Information shown:

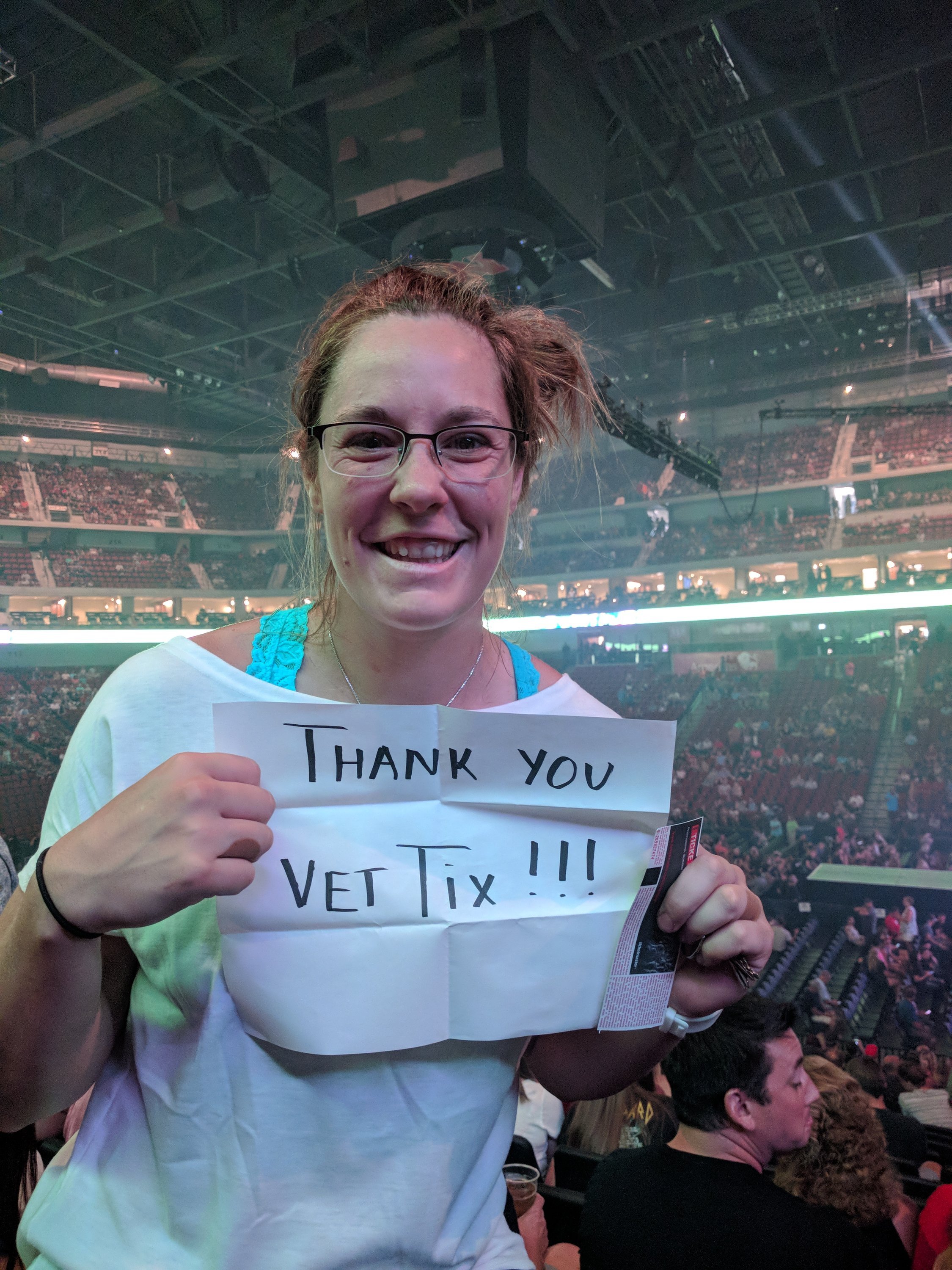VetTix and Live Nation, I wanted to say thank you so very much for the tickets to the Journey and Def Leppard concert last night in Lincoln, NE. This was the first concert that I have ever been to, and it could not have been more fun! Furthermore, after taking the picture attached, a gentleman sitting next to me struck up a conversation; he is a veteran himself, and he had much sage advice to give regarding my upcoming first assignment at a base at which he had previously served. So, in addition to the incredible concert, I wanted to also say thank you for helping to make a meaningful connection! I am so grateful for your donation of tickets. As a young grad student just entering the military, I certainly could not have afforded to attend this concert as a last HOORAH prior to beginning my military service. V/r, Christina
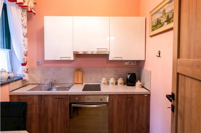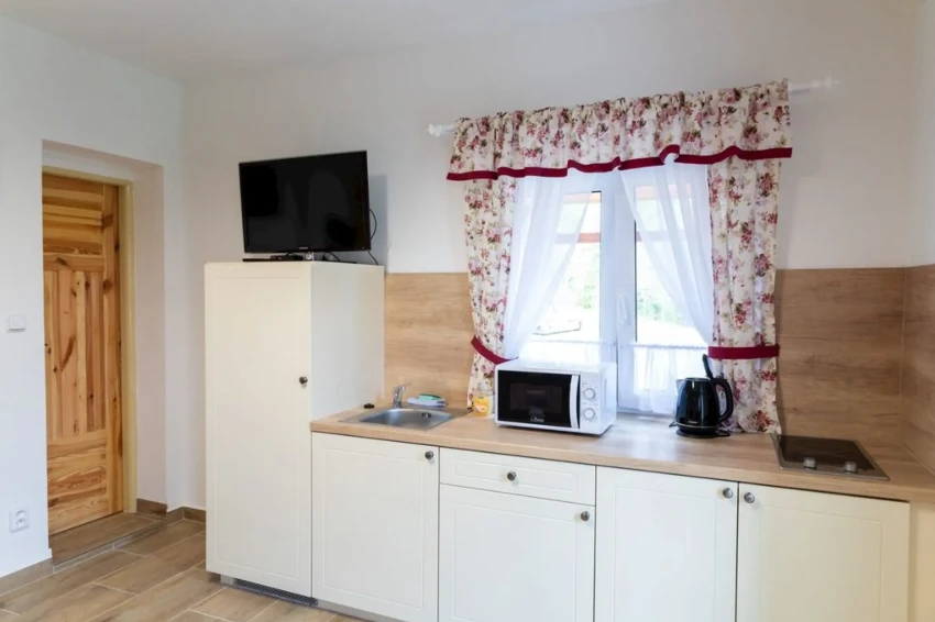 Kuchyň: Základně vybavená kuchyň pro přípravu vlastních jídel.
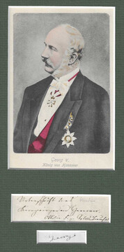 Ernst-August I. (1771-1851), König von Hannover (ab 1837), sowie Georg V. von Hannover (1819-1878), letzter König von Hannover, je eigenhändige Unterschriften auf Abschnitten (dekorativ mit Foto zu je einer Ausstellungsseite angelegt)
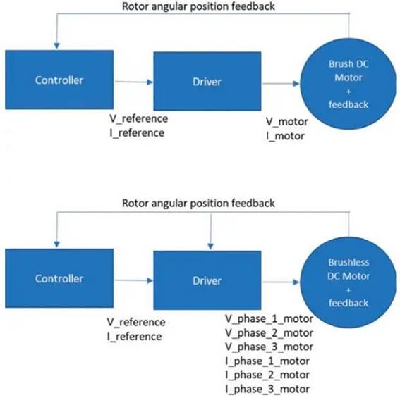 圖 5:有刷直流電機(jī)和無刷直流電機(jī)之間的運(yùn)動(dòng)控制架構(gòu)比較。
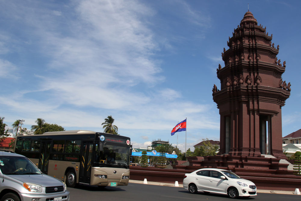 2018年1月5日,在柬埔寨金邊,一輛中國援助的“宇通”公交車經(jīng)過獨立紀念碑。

About this task:
Without any picture, return exactly the lines of the records above from the first through the line that contains "Ernst-August I. (1771-1851), König".

Task output:
VetTix and Live Nation, I wanted to say thank you so very much for the tickets to the Journey and Def Leppard concert last night in Lincoln, NE. This was the first concert that I have ever been to, and it could not have been more fun! Furthermore, after taking the picture attached, a gentleman sitting next to me struck up a conversation; he is a veteran himself, and he had much sage advice to give regarding my upcoming first assignment at a base at which he had previously served. So, in addition to the incredible concert, I wanted to also say thank you for helping to make a meaningful connection! I am so grateful for your donation of tickets. As a young grad student just entering the military, I certainly could not have afforded to attend this concert as a last HOORAH prior to beginning my military service. V/r, Christina
 Kuchyň: Základně vybavená kuchyň pro přípravu vlastních jídel.
 Ernst-August I. (1771-1851), König von Hannover (ab 1837), sowie Georg V. von Hannover (1819-1878), letzter König von Hannover, je eigenhändige Unterschriften auf Abschnitten (dekorativ mit Foto zu je einer Ausstellungsseite angelegt)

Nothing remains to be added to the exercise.